High Frequency Oscillations (HFOs) are categorized as Ripples (80-250Hz), Fast Ripples (250-500 Hz), or Very Fast Ripples (> 500 Hz). Pathologic HFOs (pHFOs) are postulated to be potential biomarkers of network disarray and are implicated within the seizure onset zone in epilepsy.

Previous research demonstrates that the CD40L-CD40 system regulates neuroinflammation and seizure susceptibility. This study aims to contextualize the network level role of CD40L-CD40 during seizures.

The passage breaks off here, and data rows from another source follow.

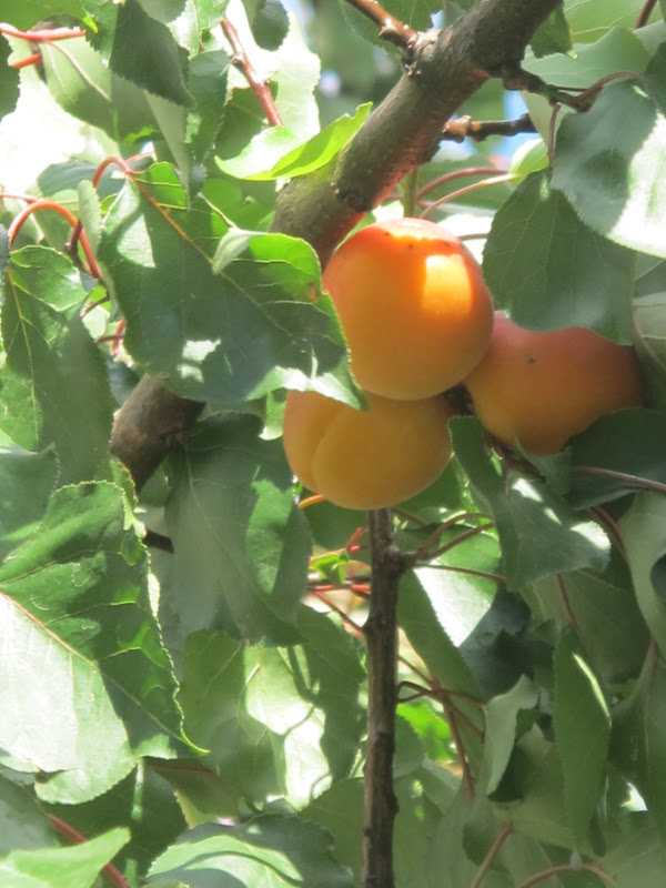 Branle-bas de combat dans la maison, comment va-ton faire pour aller les cueillir, qui va prendre le panier, aller sonner aux porte des locataires de l'immeuble : voilà les fruits de notre abricotier, goûtez c'est de la soie... Personne ne va faire ça, même pas moi, il faut une échelle, des bonnes jambes, de l'enthousiasme, de l'audace, du courage même, comment braver les éléments, un abricotier en ville qui n'appartient à personne en particulier, dans un jardin grand comme une salle de bain, clôturé à double tour...
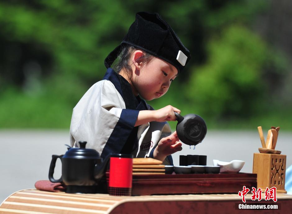 5月27日,小朋友穿着汉服在演示茶道。当日,在沈阳关东影视城上演了一场儿童端午国学读书会。据了解,在六一、端午节期间,这里还将进行祭屈原和传统民俗展示。中新社发 于海洋 摄
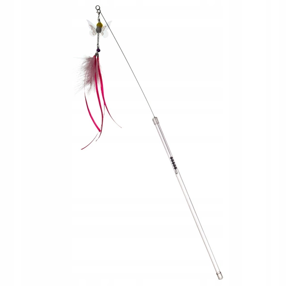 Wędka teleskopowa butterfly pink ze stylowym uchwytem i piórkami z motylkiem na druciku, do zabawy z kotem.
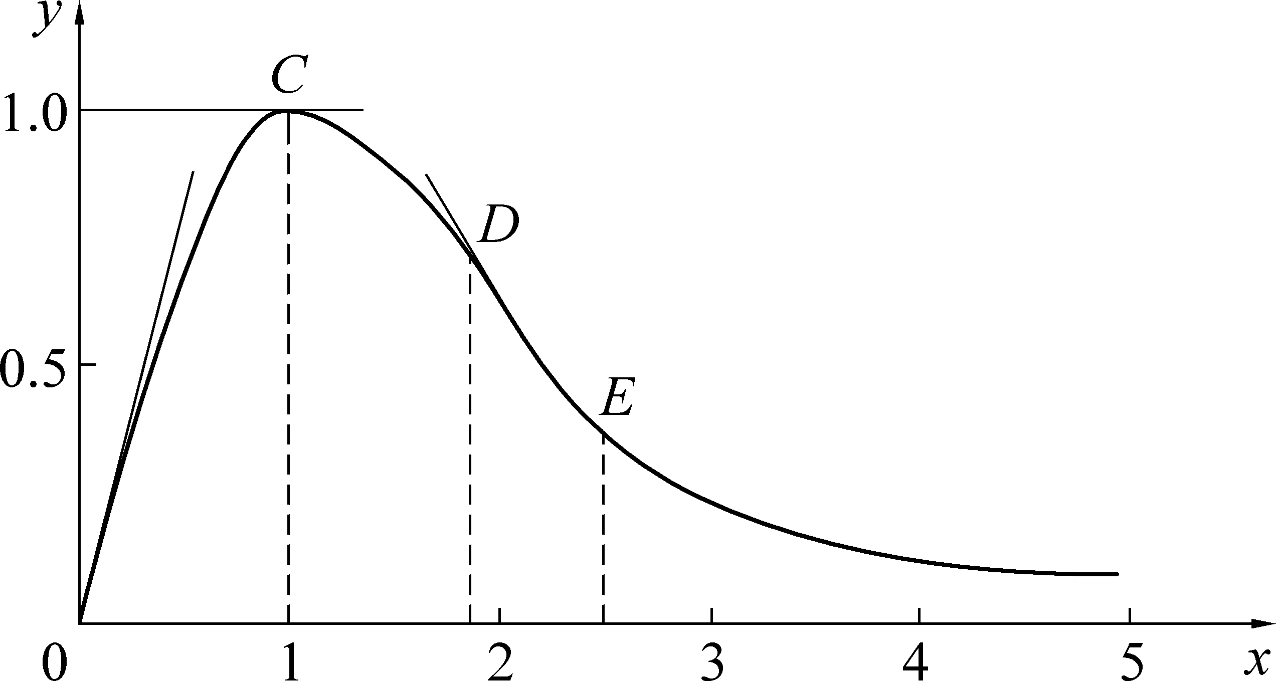 其中:fc为抗压强度;εc为与fc对应的峰值应变;σ为强度;ε为应变。此典型曲线的几何特性可用数学条件描述:①x=0,y=0;②0≤x<1,d2y/dx2<0,即上升段曲线dy/dx单调减小,无拐点;③C点x=1处,dy/dx=0和y=1,曲线单峰;④D点d2y/dx2=0处坐标xD>1,即下降段曲线上有一拐点;⑤E点d3y/dx3=0处坐标xE(≥xD)为下降段曲线上曲率最大点;⑥当x→∞时,y→0,dy/dx→0;⑦x≥0,0≤y≤1。堆积角为90°试样满足上述条件①③⑥⑦,即曲线包括上升阶段、下降阶段和收敛阶段。上升阶段包括固有微裂隙几乎不变的短暂弹性阶段;荷载超过极限应力的30%后,微裂隙开始扩展并增大阶段;荷载超过极限应力的70%~90%后,微裂隙显著扩展并迅速增加,砂浆裂缝与黏着裂缝贯穿,应力达到峰值阶段。下降阶段可见裂隙贯穿。收敛阶段,截面内裂缝之间的咬合力和摩擦力承受外力[29]。
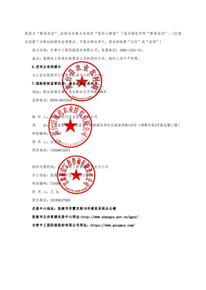 甘肃/张掖 招标采购
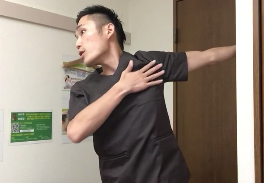 こちらは胸筋をほぐすストレッチになりますが、こちらも非常に簡単なので解説していきます。

16-channel multielectrode silicon probes across the corticohippocampal axis were chronically implanted in adult male CD40 knockout mice (CD40KO) and respective genetic control mice (WT). The pentylenetetrazole (PTZ) model of seizure was used to induce epileptiform network activity. Local field potentials (LFP) at specified depths (channel) and time intervals were recorded in freely moving animals before and after administration of PTZ. Continuous recordings were segmented and processed for offline analysis to capture signal morphology and frequency analysis [δ(0.5-4 Hz), θ(4-8Hz), α(8-12Hz), β(12-30 Hz), γ(30-80Hz), HFOs (80-500Hz)] using signal analysis software. An automatic detection toolbox was used to identify putative HFO events using a Short Time Energy algorithm. Putative HFOs were manually reviewed using the raw signal in parallel to digital filters and spectral analyses. Following euthanasia, hippocampal levels of NR2B were evaluated using ELISA.

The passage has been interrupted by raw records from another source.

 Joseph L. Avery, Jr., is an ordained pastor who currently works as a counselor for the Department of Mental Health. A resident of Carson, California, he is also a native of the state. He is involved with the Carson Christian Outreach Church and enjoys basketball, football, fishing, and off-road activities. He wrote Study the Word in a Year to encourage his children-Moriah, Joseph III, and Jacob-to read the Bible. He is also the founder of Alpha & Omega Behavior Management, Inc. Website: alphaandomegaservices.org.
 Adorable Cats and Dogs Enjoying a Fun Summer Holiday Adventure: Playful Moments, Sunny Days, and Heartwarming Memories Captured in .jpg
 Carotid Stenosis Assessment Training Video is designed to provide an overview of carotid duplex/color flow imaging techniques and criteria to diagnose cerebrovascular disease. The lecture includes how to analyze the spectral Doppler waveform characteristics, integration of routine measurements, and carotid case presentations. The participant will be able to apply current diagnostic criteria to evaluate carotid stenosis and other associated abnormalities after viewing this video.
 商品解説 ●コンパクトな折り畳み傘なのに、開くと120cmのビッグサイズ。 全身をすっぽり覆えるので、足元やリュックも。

Network activation results in a dynamic high-power shift of frequency band distribution in both WT and CD40KO mice. CD40KO mice have considerably smaller θ/δ ratios during normal activity and have limited γ band shift compared to WT, consistent with reduction of hippocampal NR2b (NMDA sub-unit) expression during seizures. Preliminary data demonstrates that CD40 deficiency attenuates HFO rate by over 80% and eliminates the generation of state dependent pHFO.

The CD40-CD40L complex triggers a downstream cascade which alters neuronal network activation and  promotes generation of pathological HFO during ictogenesis though an upregulation of excitatory NMDA receptors.